Starting in the mid-1960s, eutrophication caused excessive algal growth in Severn Sound and its marginal bays, particularly in Penetang Harbour. This led to the International Joint Commission identifying it as a Great Lakes Area of Concern (AOC) in 1987. The Severn Sound Remedial Action Plan (SSRAP) was developed to address problems of eutrophication, fish population and habitat degradation, and water contamination in the Severn Sound watershed.

Significant reductions in phosphorus levels and algal growth in Severn Sound occurred in the 1990s. Implementation of the SSRAP resulted in reduction in phosphorus from runoff from farms and upgraded sewage treatment plants and septic systems, but the proliferation of invasive zebra and quagga mussels at the same time may also have contributed to the improvements in water quality of the Sound. Other achievements of the SSRAP included the rehabilitation of 411 ha of wetlands; the planting of vegetation buffers along watercourses to reduce erosion; and the reintroduction of trumpeter swans to Wye Marsh, aided by the banning of lead shot, and the remediation of marsh sediment to keep existing lead shot pellets out of reach of the swans.

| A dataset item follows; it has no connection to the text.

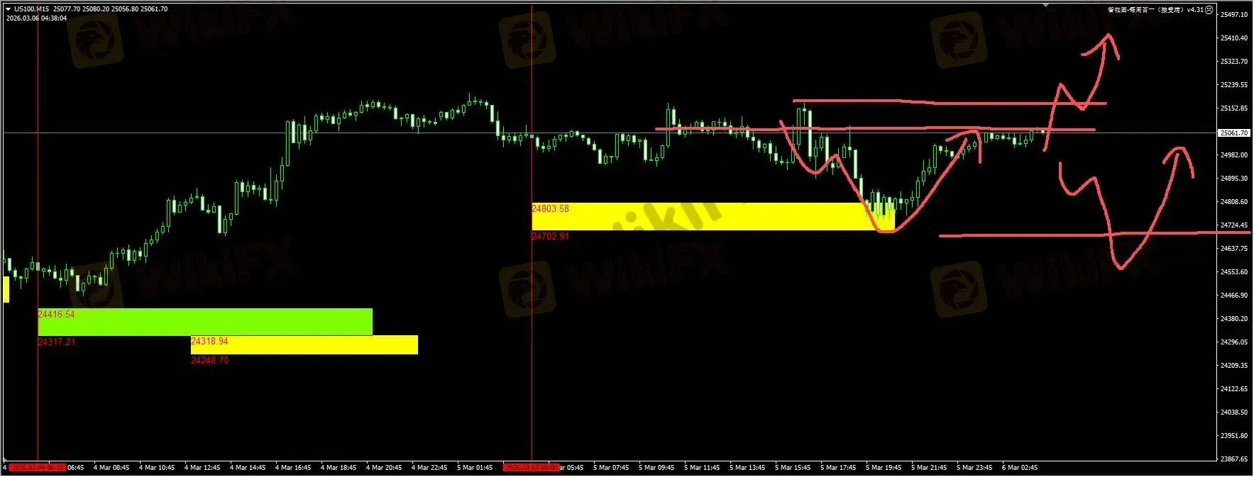 纳指:昨天我们插件提醒的,在24700-24800区域扫荡流动性的走势如期出现,下探之后,孕线上破开始反弹走势。日内关键阻力在25150附近,突破站稳可打开下一个波段的上涨空间。或者等待价格二次刷新24700附近的流动性之后,再考虑新的多头信号。详细位置请咨询插件。
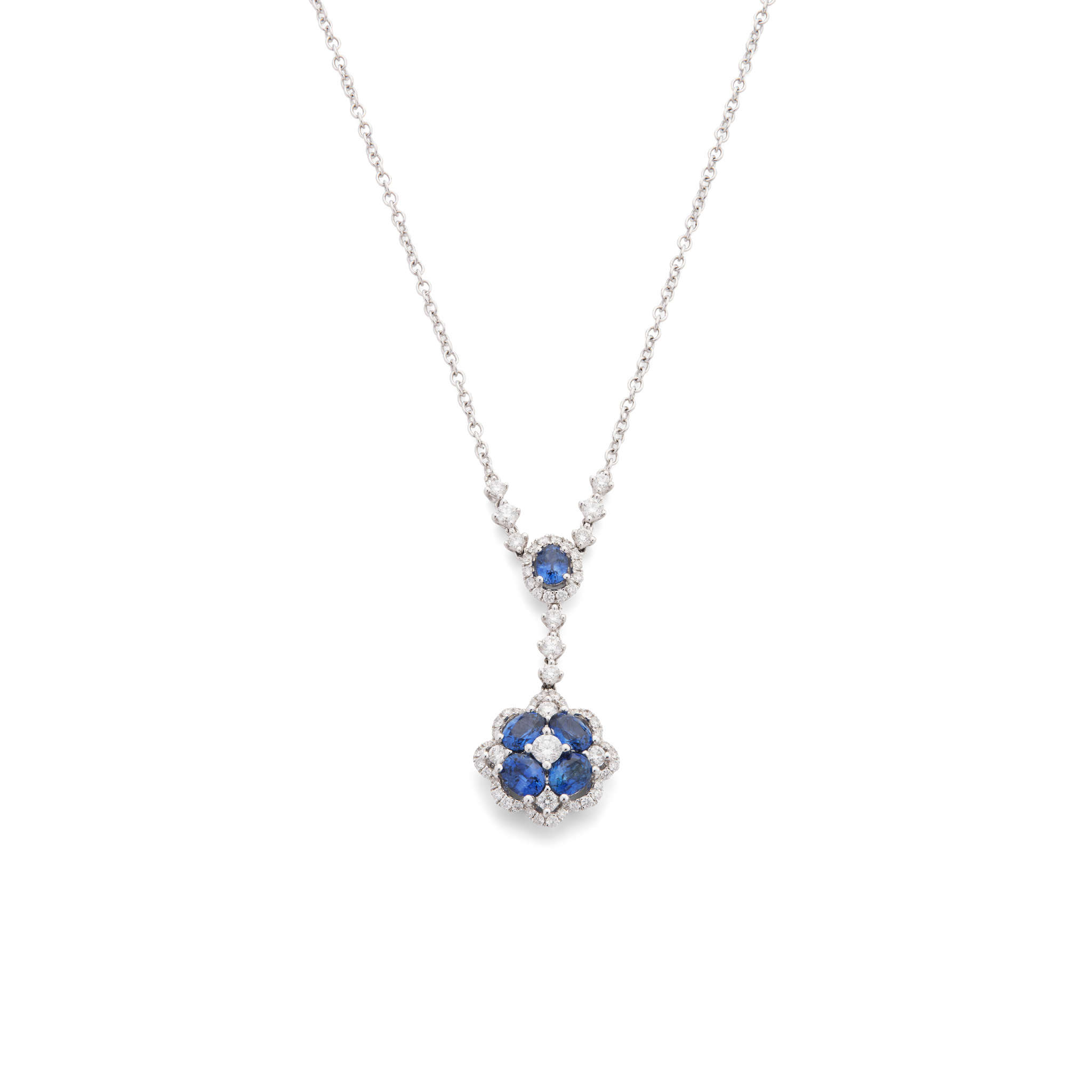 Claw-set with oval-cut sapphires and graduated round brilliant-cut diamonds, trace-link chain, stamped 18K 750

Following these efforts, Severn Sound was delisted as an AOC in 2003.

The community-based Severn Sound Environmental Association was established in 1997 to support the completion of the SSRAP, and to sustain the continued environmental protection of the Sound and its immediate watershed after its delisting as an Area of Concern. As of 2026, it is a Joint Municipal Service Board supported by the municipalities of Midland, Oro-Medonte, Penetanguishene, Severn, Springwater, Tay and Tiny. It is also the Source Protection Authority for the Severn Sound area.